INSTRUCTIONS TO FOLLOW: I need every line from the start of the material below up to and including the line containing "این گردنبند طلا", restated exactly, with the pictures omitted.
»»
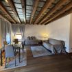 Caratterizzato da un ampio e moderno soggiorno con travi decorate, offre un comodo divano da cui godere della TV, un tavolo da pranzo in vetro, una camera matrimoniale con armadio e poltrona, una cucina completamente attrezzata e un elegante bagno in marmo completo di doccia e piccolo spazio esterno.
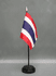 Each Thailand small miniature desk flag measures 4″x6″ and is attached to a 10″ black plastic stick with a gold spear topper. These little Thailand flags make perfect table decorations. Black flag stand is not included, but is sold separately.
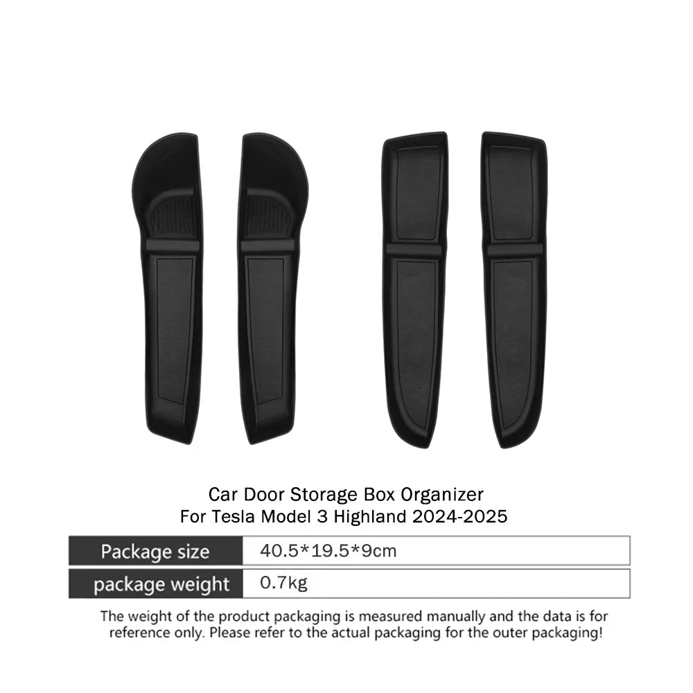Tesla Model 3 Highland 2024 Car Door Side Storage Box – Front & Rear TPE Organizer Tray
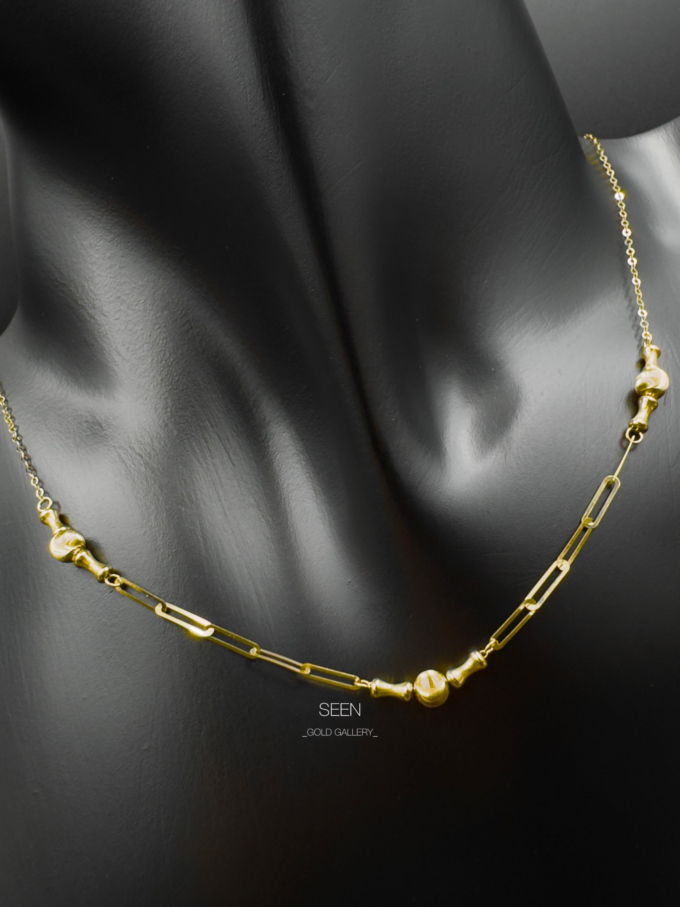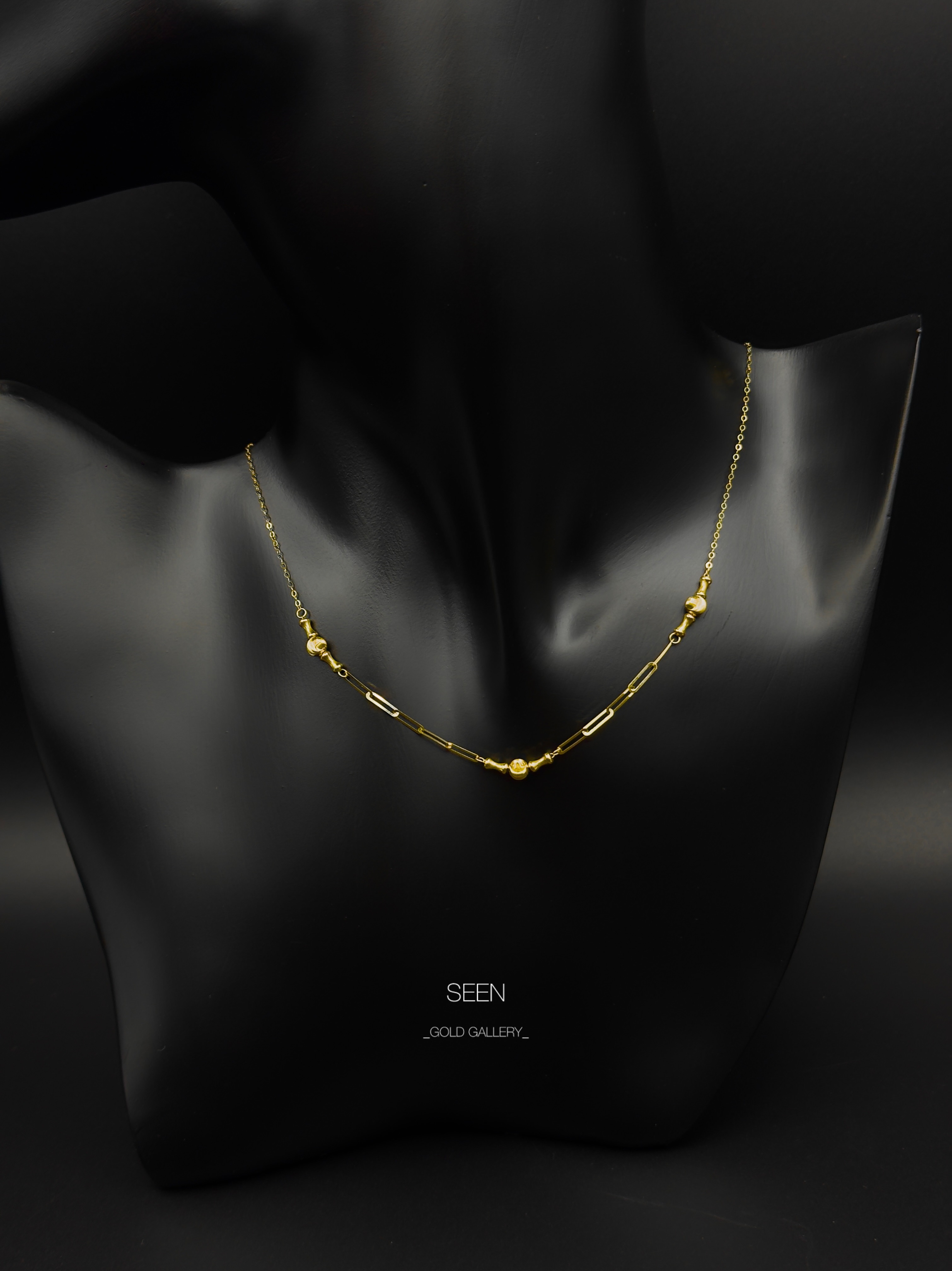 این گردنبند طلا مینیمال با ترکیب المان استخوانیشکل و هرمس، طراحی متفاوت و مدرنی را به نمایش میگذارد. توازن بین فرمهای ساده و کشیده، جلوهای شیک و امروزی ایجاد کرده که بهراحتی با استایلهای روزمره و مینیمال هماهنگ میشود.
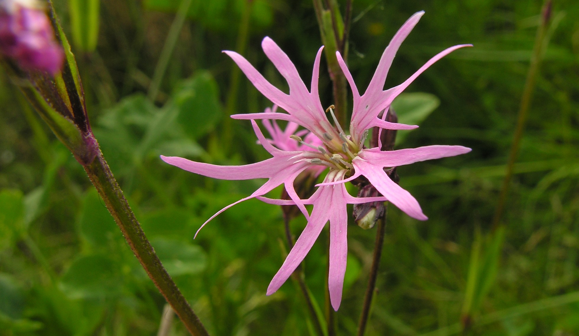 Smukt står den på enge og marker og vejer ud over landskabet. Det er den fine, lyserøde trævlekrone (Lychnis flos-cuculi) jeg henviser til. Nogle gange står den kun hist og her, men på den gode fugtige, blomstereng, står de gerne flere sammen. Nogle gange så mange at blomsterne danner små, lyserøde tæpper på engen. Kommer man tæt på ser den straks lidt mere pjusket ud. Blomsten virker lidt laset eller trævlet, deraf navnet trævlekrone.
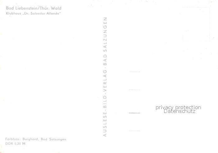 72856914 Bad Liebenstein Klubhaus Doktor Salvador Allende postalisch nicht gelaufen Erhaltung siehe scans [AndreD76] KatCode: 11110016063002
««
YOUR SOLUTION:
 Caratterizzato da un ampio e moderno soggiorno con travi decorate, offre un comodo divano da cui godere della TV, un tavolo da pranzo in vetro, una camera matrimoniale con armadio e poltrona, una cucina completamente attrezzata e un elegante bagno in marmo completo di doccia e piccolo spazio esterno.
 Each Thailand small miniature desk flag measures 4″x6″ and is attached to a 10″ black plastic stick with a gold spear topper. These little Thailand flags make perfect table decorations. Black flag stand is not included, but is sold separately.
Tesla Model 3 Highland 2024 Car Door Side Storage Box – Front & Rear TPE Organizer Tray
 این گردنبند طلا مینیمال با ترکیب المان استخوانیشکل و هرمس، طراحی متفاوت و مدرنی را به نمایش میگذارد. توازن بین فرمهای ساده و کشیده، جلوهای شیک و امروزی ایجاد کرده که بهراحتی با استایلهای روزمره و مینیمال هماهنگ میشود.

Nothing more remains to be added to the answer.